The problem: Please give back only the lines below from the one containing "Aluatul: 1 kg" to the one containing "GB/T 33635-2017 綠色制造", each repeated word for word, both ends included.

Data section:
^^^^^^^^^^^^^^^^

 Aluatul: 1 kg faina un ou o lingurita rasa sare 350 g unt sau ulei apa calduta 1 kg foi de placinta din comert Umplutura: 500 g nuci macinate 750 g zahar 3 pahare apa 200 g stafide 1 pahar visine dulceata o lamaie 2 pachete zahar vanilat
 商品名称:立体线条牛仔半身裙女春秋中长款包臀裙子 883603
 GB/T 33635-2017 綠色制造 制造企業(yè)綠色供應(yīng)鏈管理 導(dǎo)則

^^^^^^^^^^^^^^^^

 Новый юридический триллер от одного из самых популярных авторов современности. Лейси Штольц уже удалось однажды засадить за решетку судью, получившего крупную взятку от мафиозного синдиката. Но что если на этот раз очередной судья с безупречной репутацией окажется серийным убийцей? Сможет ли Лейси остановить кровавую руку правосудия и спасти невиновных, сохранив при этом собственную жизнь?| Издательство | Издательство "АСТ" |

^^^^^^^^^^^^^^^^

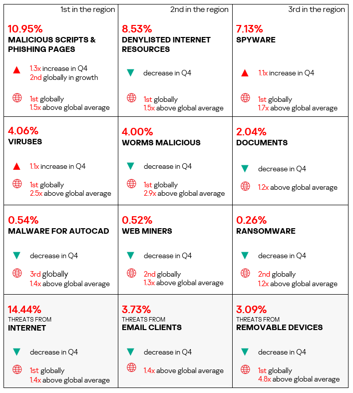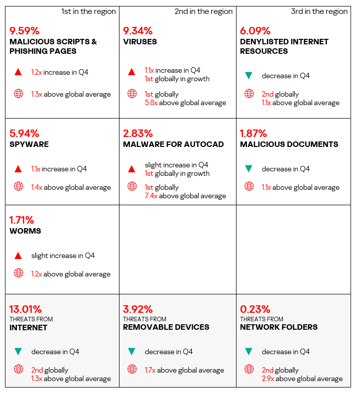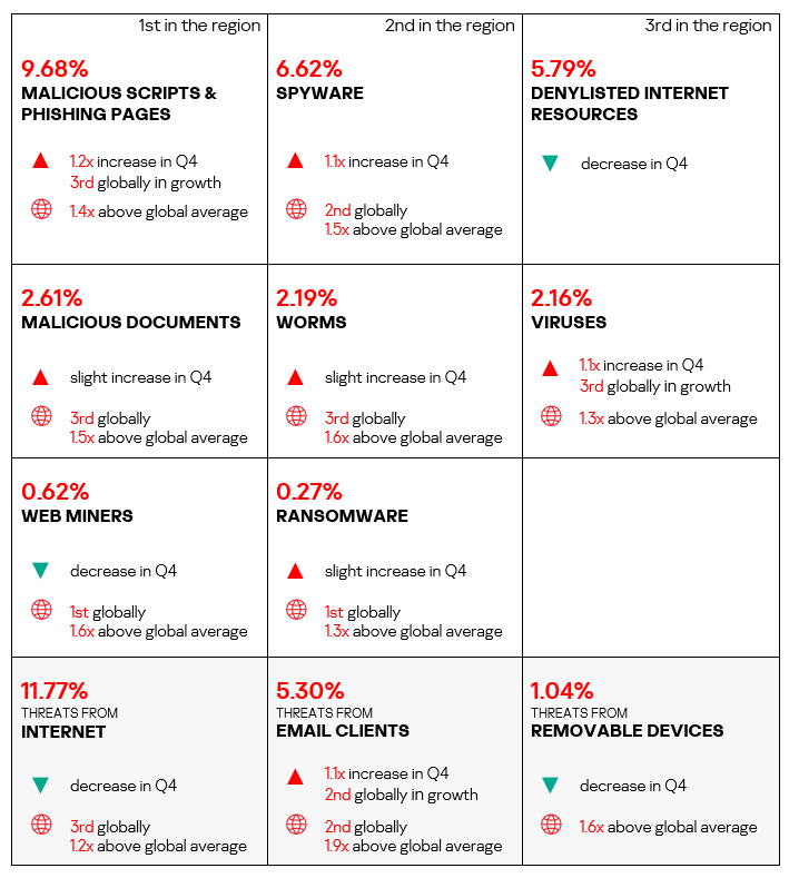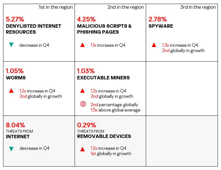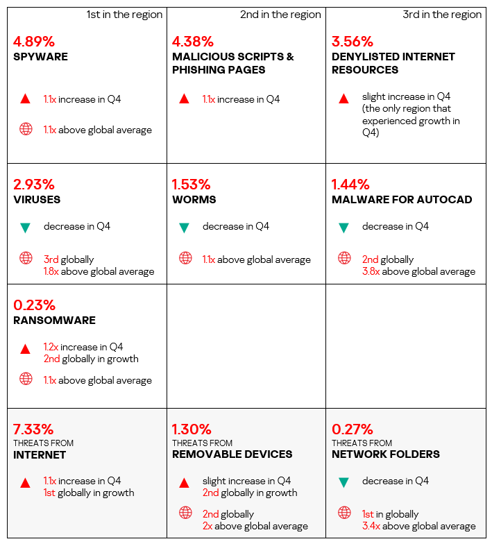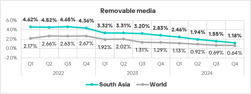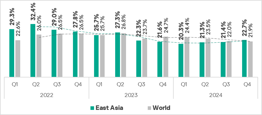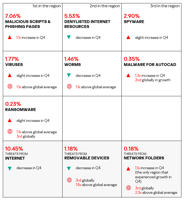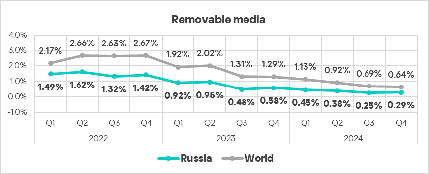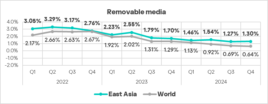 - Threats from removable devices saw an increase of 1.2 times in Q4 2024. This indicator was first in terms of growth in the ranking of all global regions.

^^^^^^^^^^^^^^^^

Expected answer:
 Aluatul: 1 kg faina un ou o lingurita rasa sare 350 g unt sau ulei apa calduta 1 kg foi de placinta din comert Umplutura: 500 g nuci macinate 750 g zahar 3 pahare apa 200 g stafide 1 pahar visine dulceata o lamaie 2 pachete zahar vanilat
 商品名称:立体线条牛仔半身裙女春秋中长款包臀裙子 883603
 GB/T 33635-2017 綠色制造 制造企業(yè)綠色供應(yīng)鏈管理 導(dǎo)則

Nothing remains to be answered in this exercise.